ASSIGNED TASK: Could you return all of the entries below exactly, minus the pictures?

INPUT RECORDS:
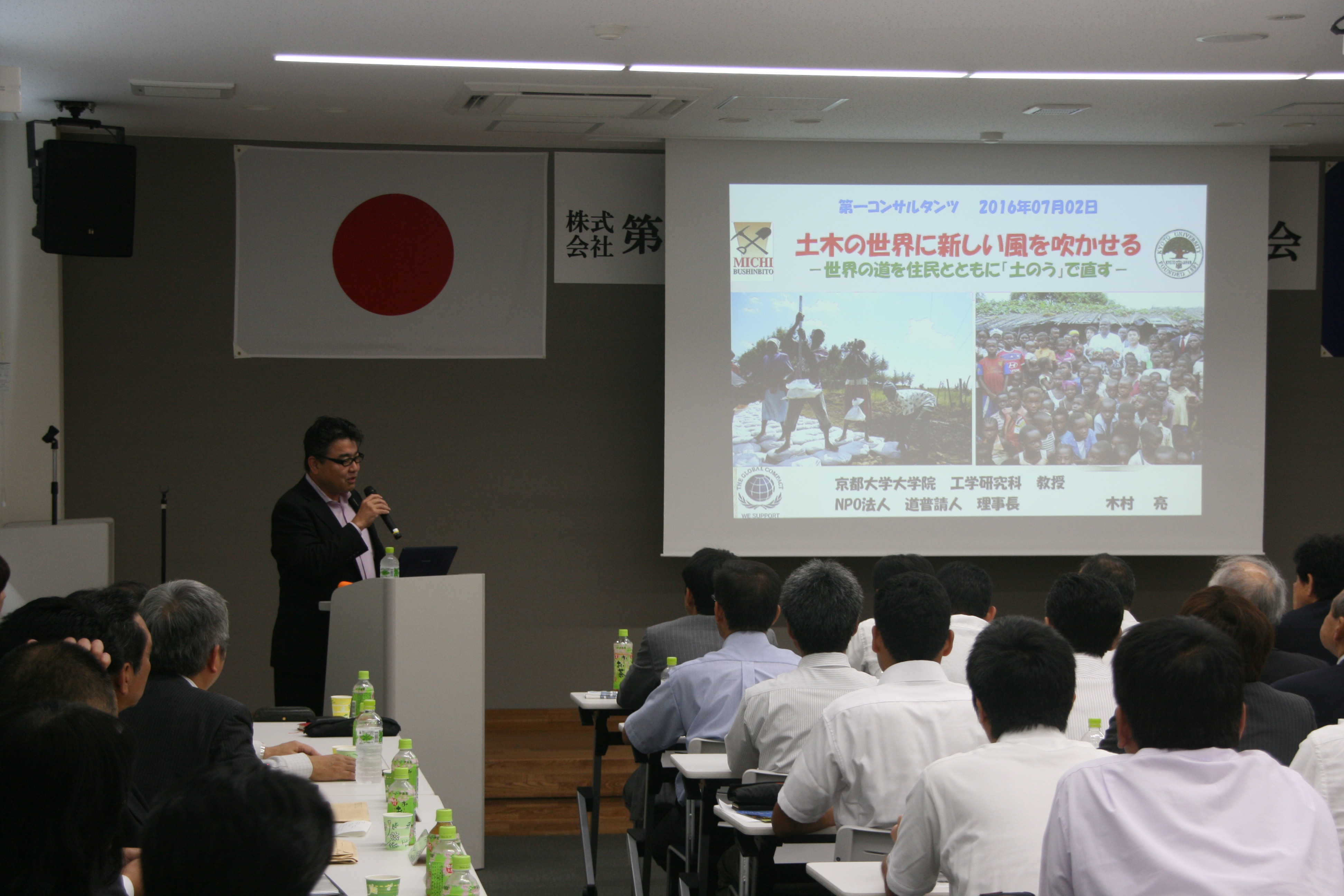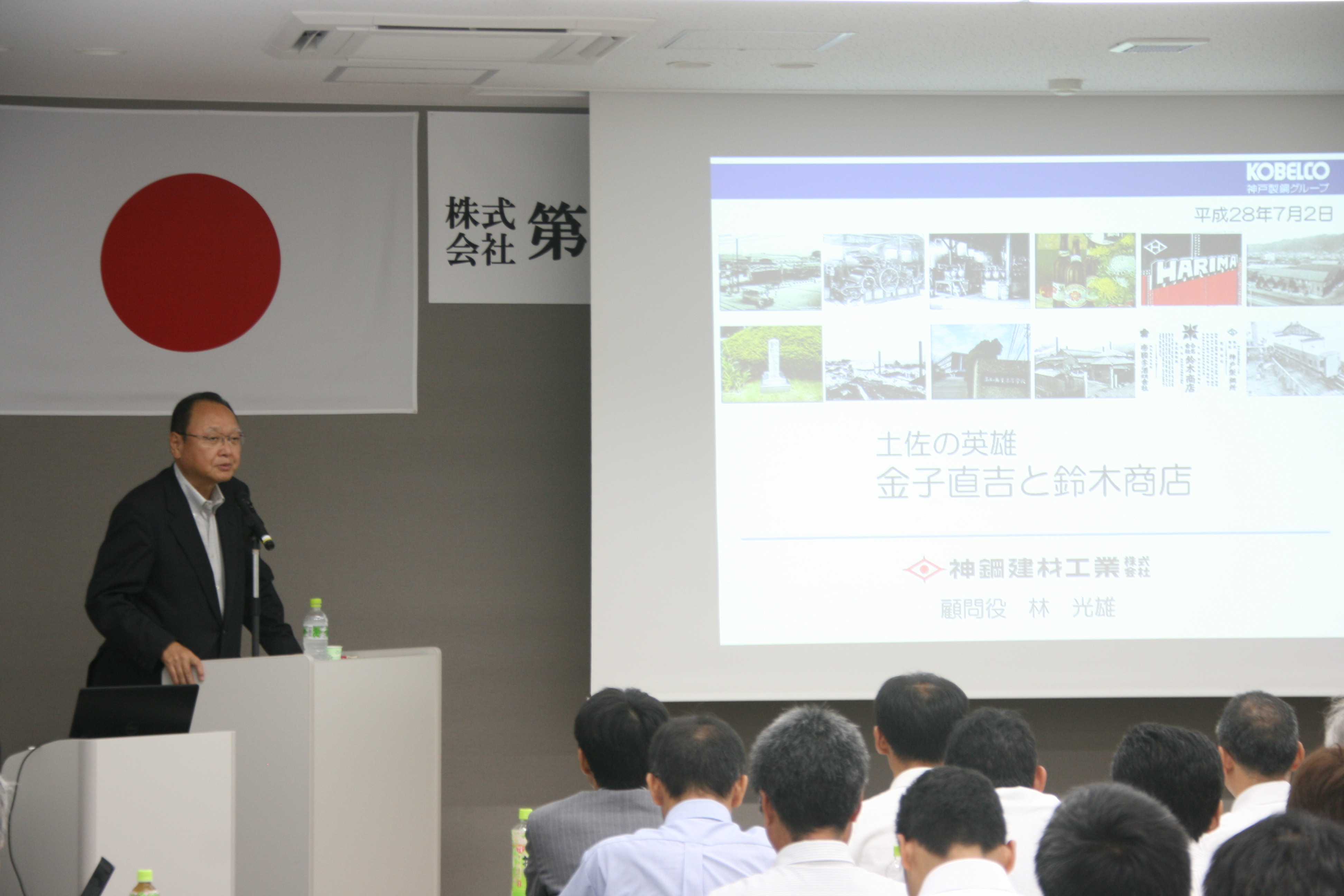 さる7月2日に、平成28年度経営方針発表会の特別講演として第8回第一セミナーを開催しました。今回は、神鋼建材工業株式会社顧問役の林光雄講師に「土佐の英雄『金子直吉と鈴木商店』」、京都大学大学院工学研究科教授の木村亮講師に「土木の世界に新しい風を吹かせる」と題した講演をしていただきました。
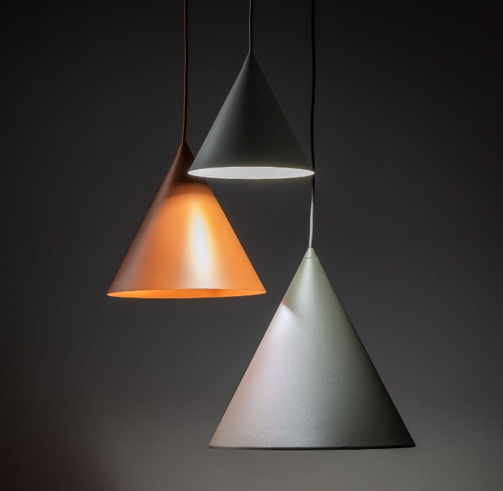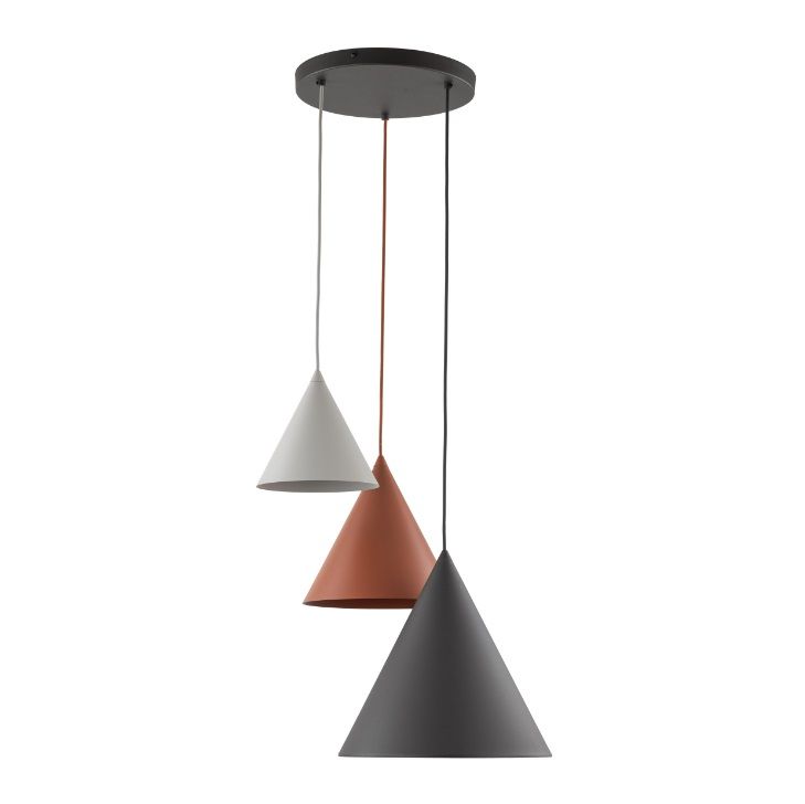 Kolorowy żyrandol Cono MIX TK z wiszącymi stożkami w odcieniach beżu, cegły i czerni
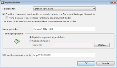 Se si aggiunge un'icona di output del fax mediante trascinamento, verrà selezionata la casella di controllo [Combina i documenti selezionati in un solo documento con Document Binder per l'invio di fax].
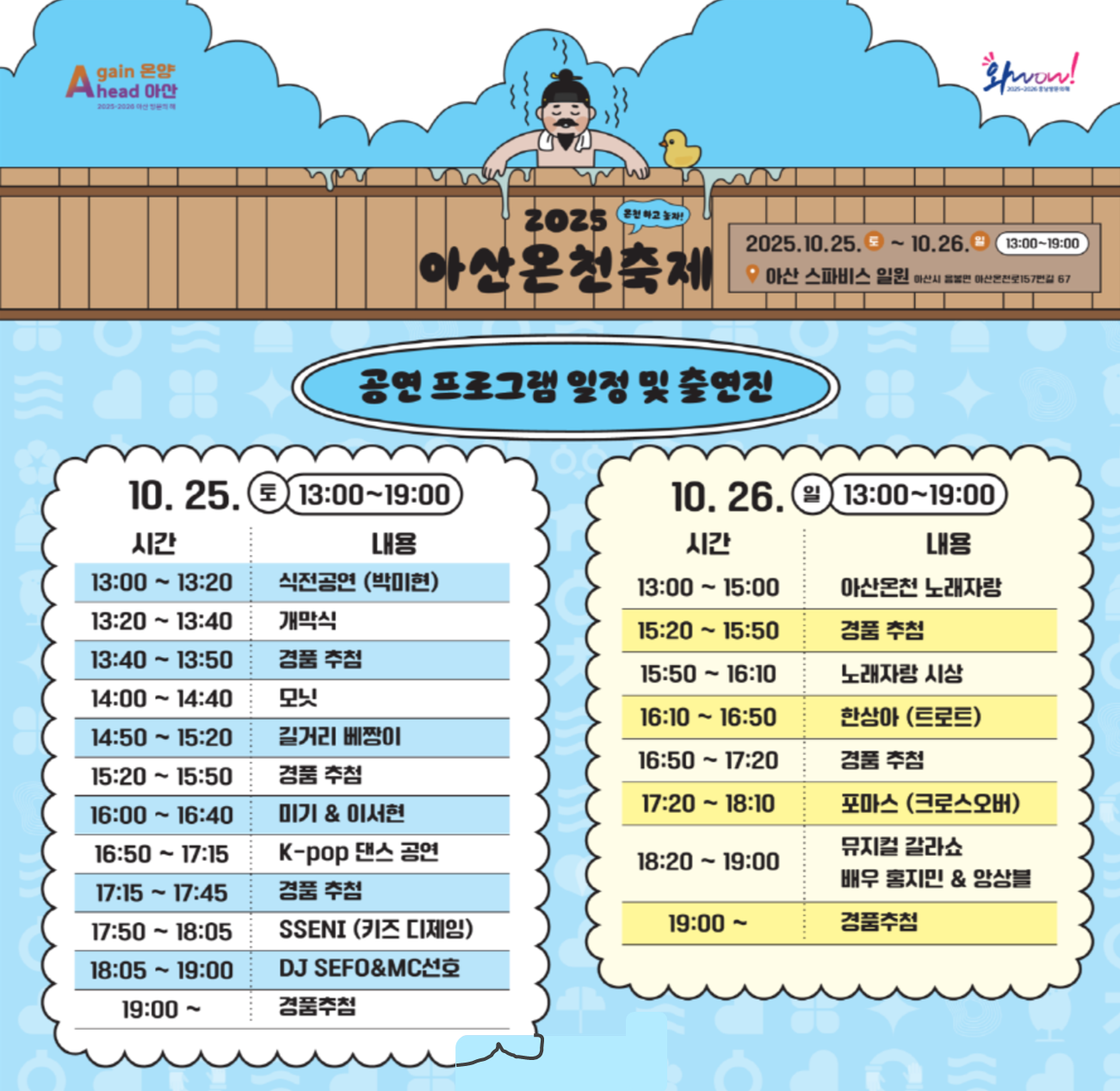 아산 가볼만한 곳 핫플! 2025 아산온천축제(10/25–26) 현장 후기와 스파비스 온천·스파 힐링 원데이 코스, 교통·주차·준비물 꿀팁까지 한 번에 정리했습니다. 공연·버블쇼·플리마켓·둘레길 정보와 요금/할인 체크 등 .
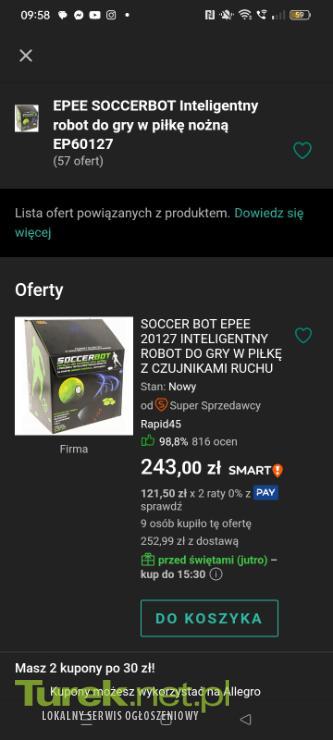 Sprzedam dwa soccer bot epee 20127 inteligentny robot do gry w piłkę czujnikami ruch, zakupiony przez pomyłkę za duża ilość, termin zwrotu minął, cena 190 zł sztuka

FINISHED EXERCISE:
 さる7月2日に、平成28年度経営方針発表会の特別講演として第8回第一セミナーを開催しました。今回は、神鋼建材工業株式会社顧問役の林光雄講師に「土佐の英雄『金子直吉と鈴木商店』」、京都大学大学院工学研究科教授の木村亮講師に「土木の世界に新しい風を吹かせる」と題した講演をしていただきました。
 Kolorowy żyrandol Cono MIX TK z wiszącymi stożkami w odcieniach beżu, cegły i czerni
 Se si aggiunge un'icona di output del fax mediante trascinamento, verrà selezionata la casella di controllo [Combina i documenti selezionati in un solo documento con Document Binder per l'invio di fax].
 아산 가볼만한 곳 핫플! 2025 아산온천축제(10/25–26) 현장 후기와 스파비스 온천·스파 힐링 원데이 코스, 교통·주차·준비물 꿀팁까지 한 번에 정리했습니다. 공연·버블쇼·플리마켓·둘레길 정보와 요금/할인 체크 등 .
 Sprzedam dwa soccer bot epee 20127 inteligentny robot do gry w piłkę czujnikami ruch, zakupiony przez pomyłkę za duża ilość, termin zwrotu minął, cena 190 zł sztuka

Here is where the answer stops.